◆ About this exercise:
What you return must be the full data, repeated verbatim, with no pictures in it.
Start of Given information
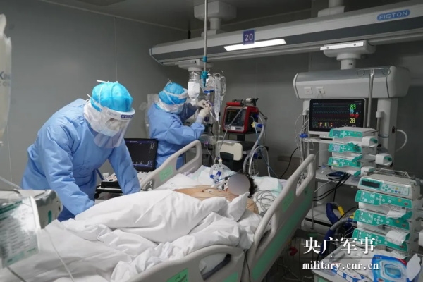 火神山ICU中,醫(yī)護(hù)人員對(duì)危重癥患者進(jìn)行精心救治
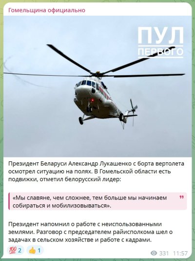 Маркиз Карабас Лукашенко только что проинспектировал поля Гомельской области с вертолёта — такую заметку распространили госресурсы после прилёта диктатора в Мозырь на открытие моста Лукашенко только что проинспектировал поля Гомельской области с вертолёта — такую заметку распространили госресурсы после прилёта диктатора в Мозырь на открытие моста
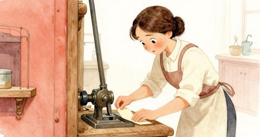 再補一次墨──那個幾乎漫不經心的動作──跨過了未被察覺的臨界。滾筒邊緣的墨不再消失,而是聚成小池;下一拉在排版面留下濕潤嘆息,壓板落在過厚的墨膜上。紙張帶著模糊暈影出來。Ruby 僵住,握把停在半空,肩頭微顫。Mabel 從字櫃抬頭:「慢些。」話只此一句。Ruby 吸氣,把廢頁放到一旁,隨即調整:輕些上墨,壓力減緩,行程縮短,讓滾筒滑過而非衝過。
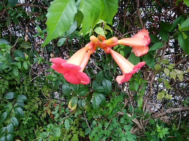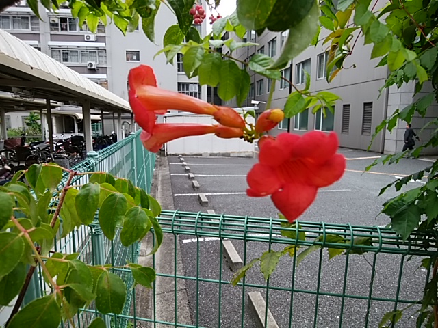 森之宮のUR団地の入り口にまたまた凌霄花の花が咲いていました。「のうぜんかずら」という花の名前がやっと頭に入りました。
End of Given information
◆ Answer for this exercise:
 火神山ICU中,醫(yī)護(hù)人員對(duì)危重癥患者進(jìn)行精心救治
 Маркиз Карабас Лукашенко только что проинспектировал поля Гомельской области с вертолёта — такую заметку распространили госресурсы после прилёта диктатора в Мозырь на открытие моста Лукашенко только что проинспектировал поля Гомельской области с вертолёта — такую заметку распространили госресурсы после прилёта диктатора в Мозырь на открытие моста
 再補一次墨──那個幾乎漫不經心的動作──跨過了未被察覺的臨界。滾筒邊緣的墨不再消失,而是聚成小池;下一拉在排版面留下濕潤嘆息,壓板落在過厚的墨膜上。紙張帶著模糊暈影出來。Ruby 僵住,握把停在半空,肩頭微顫。Mabel 從字櫃抬頭:「慢些。」話只此一句。Ruby 吸氣,把廢頁放到一旁,隨即調整:輕些上墨,壓力減緩,行程縮短,讓滾筒滑過而非衝過。
 森之宮のUR団地の入り口にまたまた凌霄花の花が咲いていました。「のうぜんかずら」という花の名前がやっと頭に入りました。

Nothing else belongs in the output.